= What the task requires =
Print exactly what appears from the line containing "This was one" through the final line of the data below, pictures excluded.
---- Information supplied
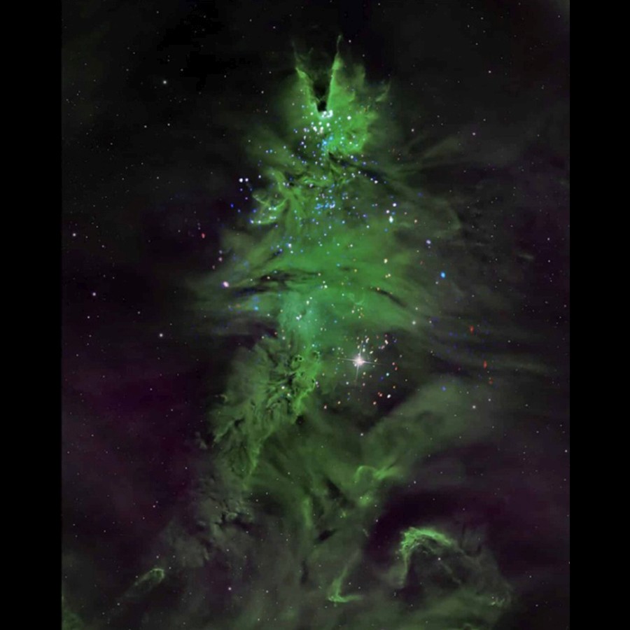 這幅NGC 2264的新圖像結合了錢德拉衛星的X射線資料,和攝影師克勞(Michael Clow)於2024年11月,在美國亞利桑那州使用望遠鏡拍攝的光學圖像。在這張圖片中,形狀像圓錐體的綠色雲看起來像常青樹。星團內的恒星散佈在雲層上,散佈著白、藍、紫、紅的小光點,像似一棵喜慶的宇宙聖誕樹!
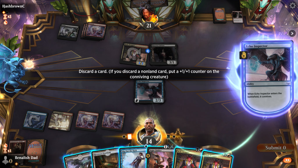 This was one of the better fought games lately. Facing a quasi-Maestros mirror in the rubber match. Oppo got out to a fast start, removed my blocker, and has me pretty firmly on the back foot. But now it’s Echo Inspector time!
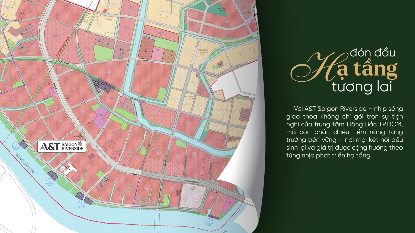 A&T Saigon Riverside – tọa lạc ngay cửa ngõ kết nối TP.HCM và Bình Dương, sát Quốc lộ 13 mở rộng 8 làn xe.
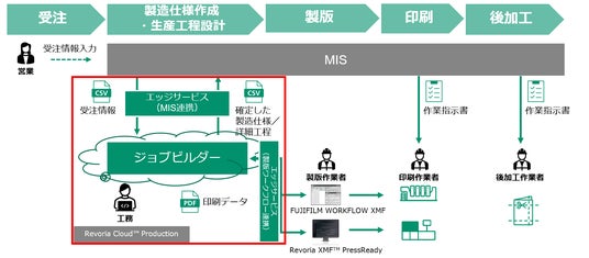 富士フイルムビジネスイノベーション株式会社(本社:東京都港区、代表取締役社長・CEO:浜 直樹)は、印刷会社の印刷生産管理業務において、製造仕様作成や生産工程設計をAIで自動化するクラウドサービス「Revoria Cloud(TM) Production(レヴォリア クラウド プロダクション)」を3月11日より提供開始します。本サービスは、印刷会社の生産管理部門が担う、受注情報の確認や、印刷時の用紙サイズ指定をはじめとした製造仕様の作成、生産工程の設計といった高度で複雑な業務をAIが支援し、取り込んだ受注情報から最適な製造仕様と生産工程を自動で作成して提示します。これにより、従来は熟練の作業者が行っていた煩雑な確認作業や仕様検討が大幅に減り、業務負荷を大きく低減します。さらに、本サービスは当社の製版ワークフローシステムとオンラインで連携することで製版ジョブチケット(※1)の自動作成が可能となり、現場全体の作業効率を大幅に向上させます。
--------
= Written response =
 This was one of the better fought games lately. Facing a quasi-Maestros mirror in the rubber match. Oppo got out to a fast start, removed my blocker, and has me pretty firmly on the back foot. But now it’s Echo Inspector time!
 A&T Saigon Riverside – tọa lạc ngay cửa ngõ kết nối TP.HCM và Bình Dương, sát Quốc lộ 13 mở rộng 8 làn xe.
 富士フイルムビジネスイノベーション株式会社(本社:東京都港区、代表取締役社長・CEO:浜 直樹)は、印刷会社の印刷生産管理業務において、製造仕様作成や生産工程設計をAIで自動化するクラウドサービス「Revoria Cloud(TM) Production(レヴォリア クラウド プロダクション)」を3月11日より提供開始します。本サービスは、印刷会社の生産管理部門が担う、受注情報の確認や、印刷時の用紙サイズ指定をはじめとした製造仕様の作成、生産工程の設計といった高度で複雑な業務をAIが支援し、取り込んだ受注情報から最適な製造仕様と生産工程を自動で作成して提示します。これにより、従来は熟練の作業者が行っていた煩雑な確認作業や仕様検討が大幅に減り、業務負荷を大きく低減します。さらに、本サービスは当社の製版ワークフローシステムとオンラインで連携することで製版ジョブチケット(※1)の自動作成が可能となり、現場全体の作業効率を大幅に向上させます。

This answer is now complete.